Comment by HarHarVeryFunny
1 year ago
The thesis of the article is that the code keeps betting better because the model keeps getting told to do better - that it needs more motivation/criticism. A logical conclusion of this, if it were true, is that the model would generate it's best version on first attempt if only we could motivate it to do so! I'm not sure what motivations/threats work best with LLMs - there was a time when offering to pay the LLM was popular, but "my grandma will die if you don't" was also another popular genre of prompts.
If it's not clear, I disagree with the idea that ANY motivational prompt (we can disagree over what would be best to try) could get the model to produce a solution of the same quality as it will when allowed to iterate on it a few times and make incremental improvements.
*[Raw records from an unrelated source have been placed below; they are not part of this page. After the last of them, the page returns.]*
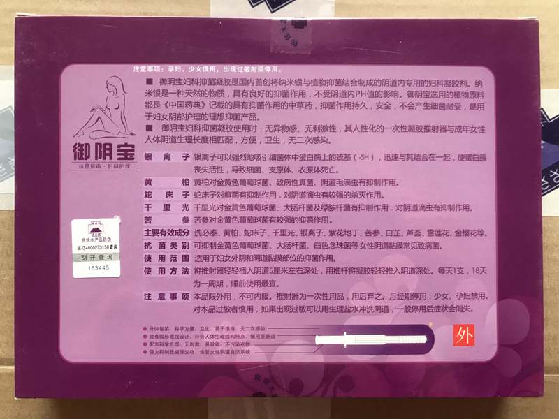 適用范圍:女性生殖系統(tǒng)黏膜感染,特別是針對耐藥菌支原體、衣原體、霉菌等病原體;保質(zhì)期:24個月;抑菌類別:支原體、衣原體、霉菌、白色念珠菌、金黃色葡萄球菌、大腸桿菌等;注冊商標證號:10918451;執(zhí)行標準:Q/WHZZM001;生產(chǎn)許可證號:鄂衛(wèi)消證字(2017)第0021號。產(chǎn)品會根據(jù)市場變化,會隨時對產(chǎn)品包裝進行稍加改動,購買請認準“御陰寶”商標即可。認準淘寶店鋪:https://item.taobao.com/item.htm?spm=a1z10.1-c.w4004-1344584184.4.481b5929Jg4obC&id=573758099973
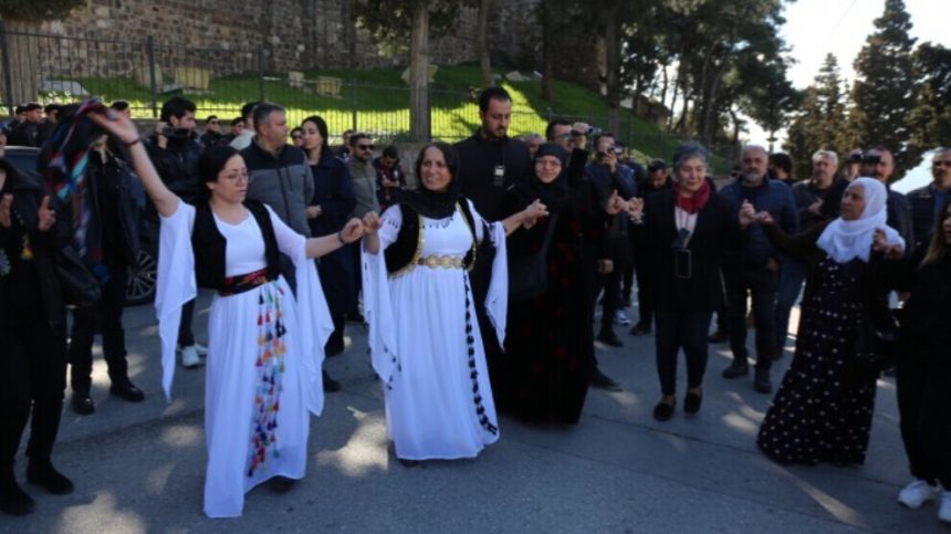 Girse pişt re guh neda qedexeyan û bi dirûşme, stran û tilîliyan li hundirê kelehê meşek li dar xist. Girseyê li derveyî kelehê govend gerand.
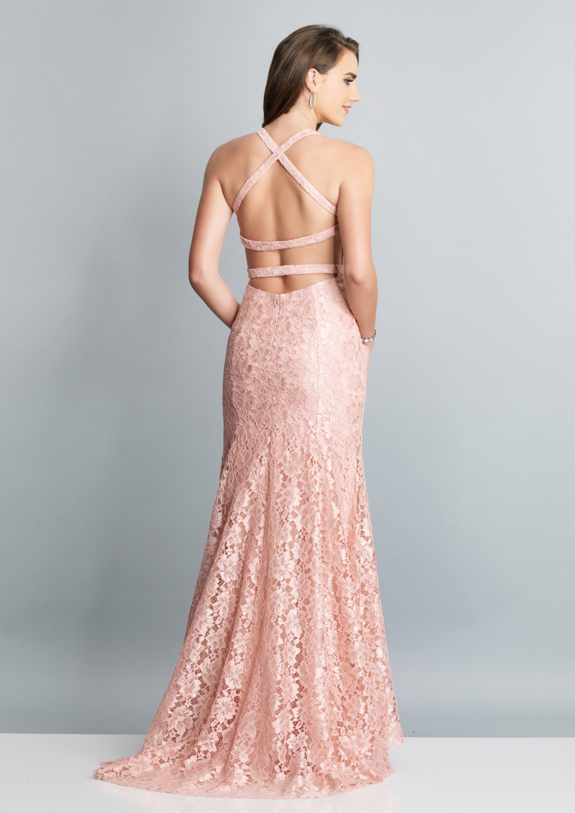 Dave and Johnny Prom Dress A7909. A halter neck evening dress with strappy back.

I think it's being allowed to iterate that is improving the solution, not the motivation to "do better!".
>If it's not clear, I disagree with the idea that ANY motivational prompt (we can disagree over what would be best to try) could get the model to produce a solution of the same quality as it will when allowed to iterate on it a few times and make incremental improvements.
Ok i agree but.. this would be the case with people as well ? If you can't iterate, the quality of your response will be limited no matter how motivated you are.
Solve the riemann hypothesis or your mother dies but you can't write anything down on paper. Even if such a person could solve it, it's not happening under those conditions.
Iteration is probably the bulk of the improvement but I think there's a "motivation" aspect as well.